What is image stabilisation?
Image stabilisation is designed to enable you to take sharp images at slower shutter speeds than normal. Here’s the lowdown.
There’s an old guide that allows you to estimate the shutter speed that you need to use to avoid blur when you’re hand-holding your camera. All you need to do is select a shutter speed that’s at least the reciprocal of the effective focal length of the lens that you’re using. So if you’re using a 100mm lens, you need to use a shutter speed that’s at least 1/100sec on a full-frame camera – or 1/150sec if you’re shooting with an APS-C format camera.
However, it’s usually possible to shoot at lower shutter speeds if your camera or lens (or both) have image stabilisation built-in. Most manufacturers quote an extension value, often 3EV, 4EV, 4.5EV or more. For every EV or stop quoted you should be able to halve the safe-shutter speed, but bear in mind these tests are done in lab conditions and you need to find your own limit.
The first stabilisation systems designed for photography were developed with film in mind, so they were built into lenses. A stabilised lens has an element or group of elements that can be moved to compensate for those tiny movements that you make as you hold a camera.
If you turn the stabilisation off on a telephoto lens like the Canon EF 70-200mm f/2.8L IS II USM you’ll see much more shake through the viewfinder.
The Olympus OM-D E-M1 II’s
hybrid stabilisation system is so good that with wide-angle lenses some photographers are able to take hand-held shots shutter speeds measured in seconds. It’s also extremely useful when you’re shooting video hand-held.
Movement sensors detect the speed, size and direction of the movement and then shift the stabilisation element to compensate and keep the image of the subject at the same point on the sensor or film frame, thus reducing blur.
Canon, Nikon, Panasonic, Sigma and Tamron all produce stabilised lenses.
The advantage of a lens-based system is that it’s perfectly suited to the focal length of lens in use and it’s able to make the large corrections that are required with long telephoto optics.
Cameras with sensor-based stabilisation have the same type of movement detectors as a stabilised lens – but instead of moving a lens element to compensate, the image sensor is shifted. This type of stabilisation is sometimes called sensor-shifting or in-body image stabilisation (IBIS).
Olympus, Pentax and Sony have been the main exponents of sensor-based stabilisation.

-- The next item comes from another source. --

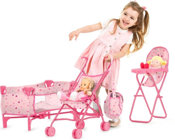 super lehká sada, zlepšuje fyzickou koordinaci dítěte, rozvíjí v dětech péči o druhé, starostlivost a ohleduplnost, všechny tři hračky se snadno a rychle složí do kompaktní velikosti pro přenášení a skladování, rozměry kočárku: 51 x 27 x 55 cm, rozměry postýlky: 56 x 32 x 33 cm, rozměry jídelní židličky: 33 x 29 x 57 cm.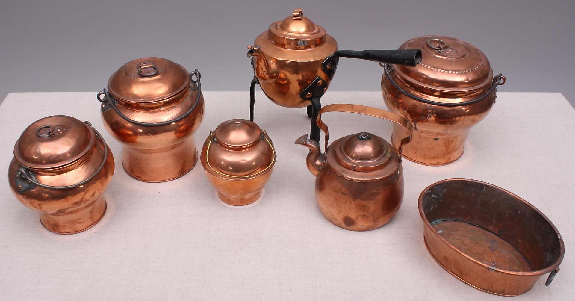 122534. KOBBERVARER, 7 stk, Kaffekander + Lågforme + bageform.

The benefit of an in-body system is that it can be used with any lens that can be mounted on the camera.
Lens and sensor-based stabilisation has proved extremely useful over the years but now Olympus, Panasonic and Sony have started to use both together to create hybrid systems that have far great stabilising power. The benefit of a hybrid system is that the camera can choose type of stabilisation to use for any given situation. It can also correct a wider range of movements, with 5-axis no being typical.